Records drawn from a dataset
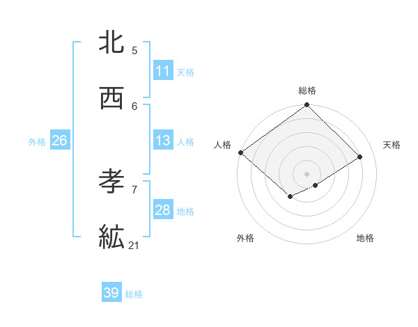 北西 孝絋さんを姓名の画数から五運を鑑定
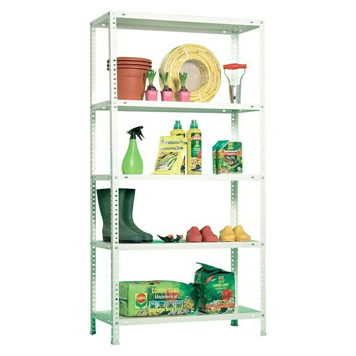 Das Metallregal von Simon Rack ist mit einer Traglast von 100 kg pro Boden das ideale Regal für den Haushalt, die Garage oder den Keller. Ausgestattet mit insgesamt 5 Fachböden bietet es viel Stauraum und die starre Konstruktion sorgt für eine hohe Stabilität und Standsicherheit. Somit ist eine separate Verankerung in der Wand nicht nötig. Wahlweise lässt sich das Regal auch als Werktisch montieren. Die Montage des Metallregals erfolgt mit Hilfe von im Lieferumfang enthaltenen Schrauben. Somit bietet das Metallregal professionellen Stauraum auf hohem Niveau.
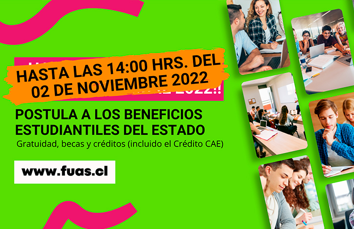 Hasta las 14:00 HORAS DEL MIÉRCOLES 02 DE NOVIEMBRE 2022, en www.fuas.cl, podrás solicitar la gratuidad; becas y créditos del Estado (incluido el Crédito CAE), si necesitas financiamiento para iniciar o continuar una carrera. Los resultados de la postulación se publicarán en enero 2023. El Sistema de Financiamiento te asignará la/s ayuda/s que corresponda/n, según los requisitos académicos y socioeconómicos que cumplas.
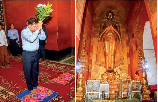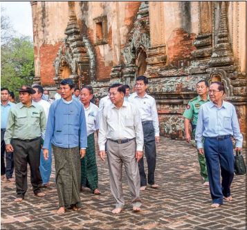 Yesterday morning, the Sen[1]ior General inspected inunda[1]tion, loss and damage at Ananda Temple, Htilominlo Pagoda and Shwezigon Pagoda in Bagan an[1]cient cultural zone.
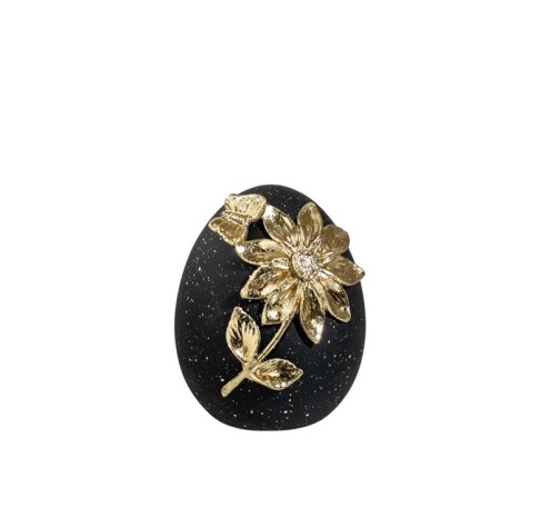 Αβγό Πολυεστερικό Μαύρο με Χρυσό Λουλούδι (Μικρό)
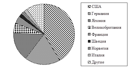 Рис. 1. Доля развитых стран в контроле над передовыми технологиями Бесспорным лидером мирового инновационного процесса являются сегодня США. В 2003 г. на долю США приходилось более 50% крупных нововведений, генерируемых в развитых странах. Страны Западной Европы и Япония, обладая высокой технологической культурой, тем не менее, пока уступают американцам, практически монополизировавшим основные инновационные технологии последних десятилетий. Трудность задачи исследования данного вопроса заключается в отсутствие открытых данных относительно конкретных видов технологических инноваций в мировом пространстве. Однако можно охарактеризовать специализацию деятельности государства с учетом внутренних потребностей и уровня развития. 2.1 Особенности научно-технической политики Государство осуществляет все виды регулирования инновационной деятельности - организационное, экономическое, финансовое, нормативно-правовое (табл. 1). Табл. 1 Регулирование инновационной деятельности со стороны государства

**WHAT NEEDS TO BE DONE**
Leave out all pictures and output each line exactly, from the top of the records through the line that holds "Αβγό Πολυεστερικό Μαύρο".

**RESPONSE**
 北西 孝絋さんを姓名の画数から五運を鑑定
 Das Metallregal von Simon Rack ist mit einer Traglast von 100 kg pro Boden das ideale Regal für den Haushalt, die Garage oder den Keller. Ausgestattet mit insgesamt 5 Fachböden bietet es viel Stauraum und die starre Konstruktion sorgt für eine hohe Stabilität und Standsicherheit. Somit ist eine separate Verankerung in der Wand nicht nötig. Wahlweise lässt sich das Regal auch als Werktisch montieren. Die Montage des Metallregals erfolgt mit Hilfe von im Lieferumfang enthaltenen Schrauben. Somit bietet das Metallregal professionellen Stauraum auf hohem Niveau.
 Hasta las 14:00 HORAS DEL MIÉRCOLES 02 DE NOVIEMBRE 2022, en www.fuas.cl, podrás solicitar la gratuidad; becas y créditos del Estado (incluido el Crédito CAE), si necesitas financiamiento para iniciar o continuar una carrera. Los resultados de la postulación se publicarán en enero 2023. El Sistema de Financiamiento te asignará la/s ayuda/s que corresponda/n, según los requisitos académicos y socioeconómicos que cumplas.
 Yesterday morning, the Sen[1]ior General inspected inunda[1]tion, loss and damage at Ananda Temple, Htilominlo Pagoda and Shwezigon Pagoda in Bagan an[1]cient cultural zone.
 Αβγό Πολυεστερικό Μαύρο με Χρυσό Λουλούδι (Μικρό)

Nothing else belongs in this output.